LU professor co-edits book on medieval medicine
Published 11:27 am Thursday, December 10, 2015
At the Battle of Shrewsbury in 1403, future King Henry V was shot in the face with an arrow that lodged 6 inches deep into the back of his skull. A surgeon saved his life. Skilled medical care in a period often associated with wanton violence? Indeed, says a medieval scholar who recently published a book on the subject.
Dr. Larissa “Kat” Tracy, associate professor of medieval literature at Longwood University, is the co-editor of “Wounds and Wound Repair in Medieval Culture,” the latest of several books she has published on torture, brutality and violence in the Middle Ages. As with much of her scholarship on medieval life, the book paints a picture of this period that might surprise some readers.
“Wound repair was fairly sophisticated in the medieval period. Most people assume that it was not sophisticated, but it was,” said Tracy. “For example, they used maggots to debride necrotized skin and used honey as an antibacterial to prevent infection. They knew they needed to clean wounds, even if they didn’t know why.
“We know from 12th-century surgical manuals that they knew how to treat skull fractures. There is no way to know if they had anesthesia, but they understood opium and herbs, so I imagine they figured it out,” said Tracy, adding that forensic archaeologists have determined from studying disinterred remains that “a lot of wounds healed.”
Honey was used to treat the dire wound sustained by Henry V, then a 16-year-old prince, which is detailed in one of the book’s chapters by Michael Livingston. Honey was used both while removing the arrowhead (accomplished with probes “infused with rose honey,” wrote royal surgeon John Bradmore), as well as in closing and healing the wound, a painstaking process repeated by Bradmore over 20 days.

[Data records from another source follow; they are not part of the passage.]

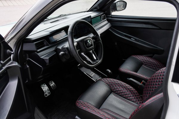 INTERIØR: Skinnseter og ladeplate til mobiltelefonen er selvfølgelig med.
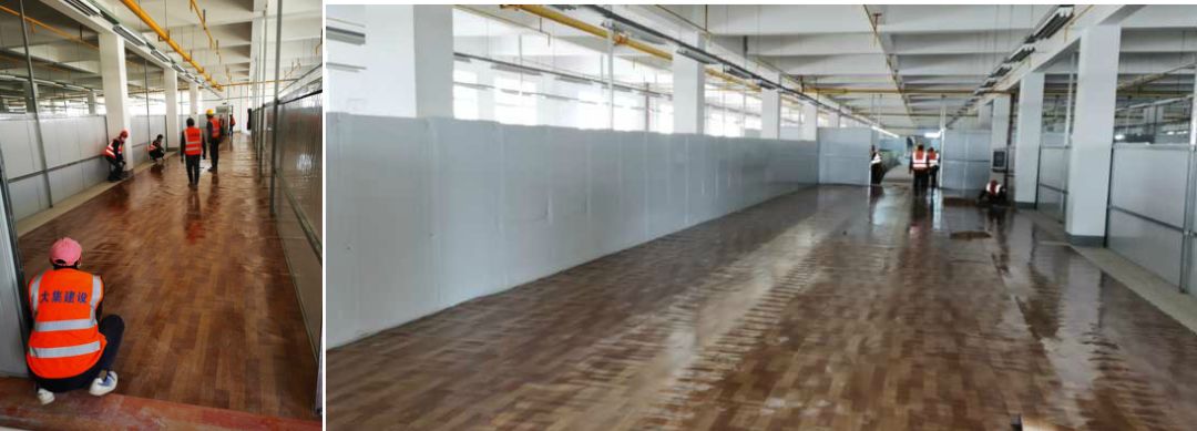 2月15日一早,在接到承建方艙醫(yī)院的緊急任務(wù)后,董事長(zhǎng)徐濤火急召集全體項(xiàng)目經(jīng)理部署改建工作,進(jìn)行現(xiàn)場(chǎng)勘測(cè)。由于本次任務(wù)很重,改造現(xiàn)場(chǎng)主要集中在3-5樓,包括護(hù)士站及病房共計(jì)12000多平,1600個(gè)床位,以及隔斷墻、廁所及配套設(shè)施。
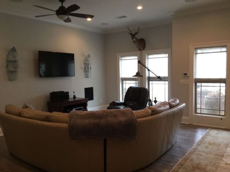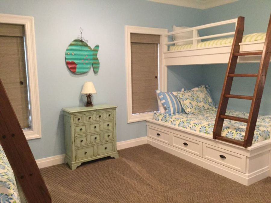 Beautiful home located on Lake Martin! This 3 story home was built to accommodate multiple families and friends to enjoy a fabulous vacation on the lake! The two bedrooms on the top floor each have 2 bunk beds, twins on top and fulls on the bottom. These two bedrooms are conjoined with a jack-n-jill style bathroom. There are 4 master bedroom suites, 2 on the middle floor and 2 on the bottom floor, each have their own bathroom. There are two living room areas, one on the main floor and one on the bottom floor that opens up to the beautiful back yard. There is a half bath on the bottom floor that has an outside door to the back yard, for use while playing on the lake.
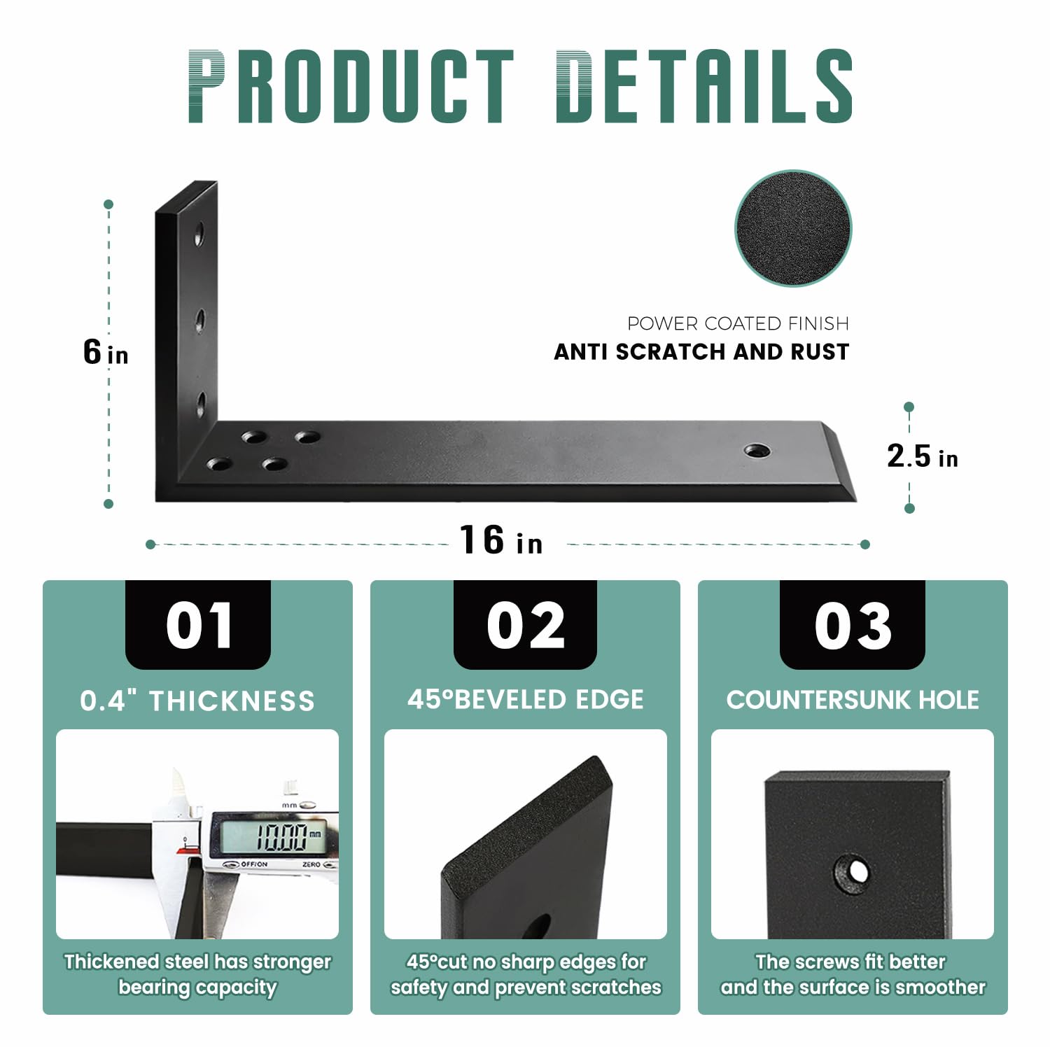 Countertop Support Brackets 4 Pack L Bracket Countertop Brackets 16" x 6" x 2.5" Heavy Duty 3/8" Thick Shelf Brackets Metal Corbels L Shape Bracket for Wood Shelf/Quartz/Granite/Concret Countertops

While skeletal remains often reveal evidence of wound treatment, they can also indicate the cause of death and postmortem mutilation. The remains of the notorious King Richard III, slain in the 1485 Battle of Bosworth, which ended the War of the Roses and placed the Tudors on the throne, shows that his corpse was stabbed repeatedly. One of the book’s contributors, Robert Woosnam-Savage, was a member of the team of investigators that examined Richard’s remains after they were uncovered in a parking lot in Leicester, England, in 2012.
“We know that Richard died from a number of blows to the head with sharp-bladed weapons, which is called sharp force trauma, and he also suffered sharp force trauma after death,” said Tracy. “Scholars suggest his corpse was thrown over a horse, and, in a case of postmortem mutilation, soldiers stabbed it and whacked at it.”
Richard’s skeleton bears traces of at least 11 wounds, “probably nine at the time of his death and two after his death,” wrote Woosnam-Savage, a weapons curator at
the Royal Armouries Museum in Leeds, England. “The massive trauma to Richard’s skull indicates that he was probably both helmetless and lying prone, facedown.”
In addition to co-editing the book, Tracy contributed one of the chapters. That chapter, related to her interest in the Arthurian legend, analyzes head wounds in the Stanzaic Morte Arthur, an anonymous poem written in Middle English in about 1400, as a political warning about the destabilizing effects of rebellion and weak kingship.
The book features 23 contributors from a variety of fields, including archaeologists, art historians, historians, literary historians, theologians, linguists and medical experts. It was co-edited by Dr. Kelly DeVries, a professor of history at Loyola University Maryland who is an expert on medieval warfare.
“The book was Kelly’s idea, which he’d been thinking about for years, and he invited me to be co-editor,” said Tracy, adding that it’s the first installment in a series she edits called Explorations in Medieval Culture from the publisher Brill. “The series will be interdisciplinary and will feature both monographs and collected volumes.”
Tracy co-founded and co-directs Longwood’s Undergraduate Medieval Conference, “Meeting in the Middle.” She received the 2015 Scholarly Achievement Award from the Southeastern Medieval Association in October 2015.
Excerpt from Wounds and Wound Repair in Medieval Culture: Many modern misconceptions about the Middles Ages suggest that medieval society was medically stunted, backwards, or primitive, and that treatments bordered on the ludicrous or downright dangerous. But numerous surgical texts circulated throughout medieval Europe and some offered more useful (and successful) treatments than others. Medieval surgery evolved from a complex system of text, practice, belief, transmission, science, and folklore. The first major medical center was twelfth-century Salerno, Sicily, where Christian and Muslim communities lived side by side. Many medieval medical and surgical texts and treatments reflect Muslim influence and, in some cases, origins.